Как выходило из рассказа бошка, обычай это был древний. О происхождении его ходит в народе немало преданий. По одному такому преданию, третьей женой у древнего князя Чжоу-вана была фазанья самка. Волшебники превратили ее в женщину. Всем хороша была жена у князя, только вместо ног — птичьи лапы. И вот, чтобы скрыть свое уродство, придумала княгиня себе изящные крошечные башмачки. Фазаньи лапы казались в них прелестными ножками, а походка княгини обрела неповторимое изящество. Жене князя стали подражать и другие женщины. С той поры и повелась мода на маленькие ножки.

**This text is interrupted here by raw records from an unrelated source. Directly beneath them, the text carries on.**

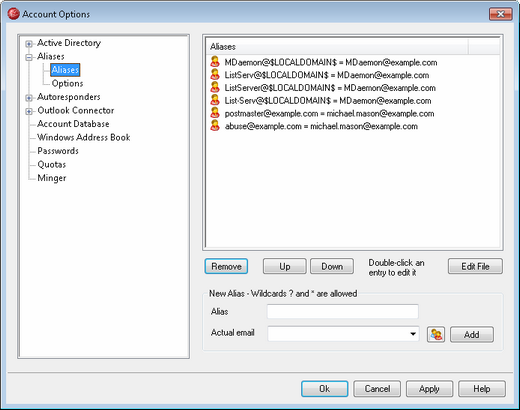 The Aliases options, located at Accounts » Account Options, make it possible for you to create alternate mailbox names for your accounts or mailing lists, which are useful when you want multiple mailbox names to resolve to a single user account or list. Without aliases you'd have to create separate user accounts for each address and then forward messages or use complicated filter rules to associate them with other accounts.
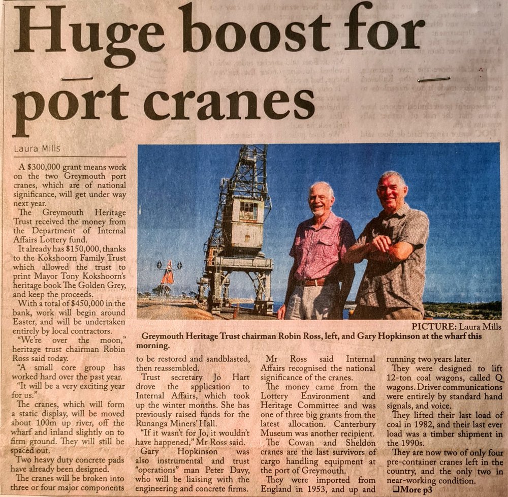 West Coast New Zealand History (27th Aug 2021). Greymouth port cranes restoration. In Website West Coast New Zealand History. Retrieved 9th Apr 2026 03:21, from https://westcoast.recollect.co.nz/nodes/view/29906
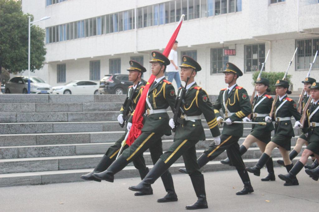 上午7点,国旗护卫队组成的升旗方阵迈着整齐划一、铿锵有力的步伐,昂首阔步护卫着国旗走上升旗台。随着“向国旗——敬礼!”口令声响起,雄壮的《义勇军进行曲》响彻大地。全体师生挺拔肃立,行注目礼,豪迈深情地同唱国歌,迸发出爱我中华的响亮心声,立下振兴中华的宏伟志向。
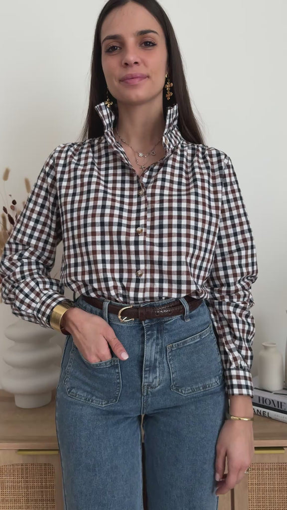 Colore: Base Ecrù a quadri marroni e blu navy
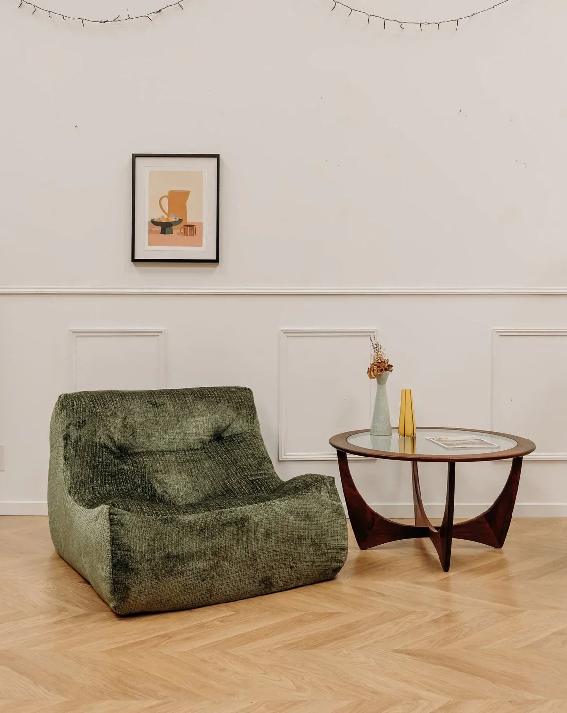 Découvrez la chauffeuse Kali vintage, un chef-d’œuvre iconique des années 70 conçu par Michel Ducaroy pour Ligne Roset. Riche en histoire, cette pièce d’origine anglaise a été soigneusement retapissée par notre atelier, offrant une assise moelleuse en mousse sans point dur, idéale pour un confort durable. Son tissu en velours vert apporte une touche déco authentique et chaleureuse, faisant de ce fauteuil un incontournable pour les amateurs de design vintage. Plongez dans l’élégance rétro avec ce modèle unique au style inimitable.
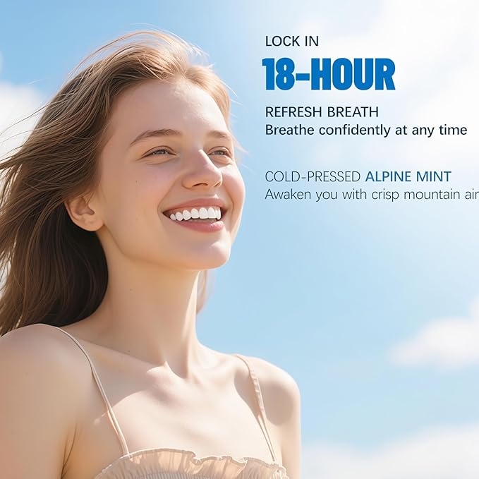 - 🔒【Lock in 18-hour Refresh Breath】Our Toothpaste enriched with cold-pressed Alpine mint. Transform your morning ritual into a sensory escape—awaken with crisp mountain air that powers through workouts, Zoom calls, and date nights. Breathe boldly, anywhere.

А есть и другое предание. У одного танского императора — жил он более тысячи лет назад — была любимая наложница. Ножки у нее были маленькие и нежные, как лепестки лотоса. Когда она танцевала, пол устилался лотосовыми лепестками, сделанными по заказу императора из листового золота. И танец, и ножки поэт-император воспел в стихах. Красавицы Поднебесной стремились подражать прославленной императорской наложнице. Маленькие ножки стали обозначать тем же иероглифом, что и цветок лотоса, а изящная женская походка именовалась отныне "лотосовыми шажками". Чтобы сохранить маленькую ножку, девочкам с малых лет стали туго стягивать ноги бинтом. Мода эта свирепствовала поначалу лишь у знати, но потом и в народ проникла. Теперь даже нищенки и те ноги бинтуют.

— А может, затем сие делалось, чтобы наложницы не убегали из императорских гаремов?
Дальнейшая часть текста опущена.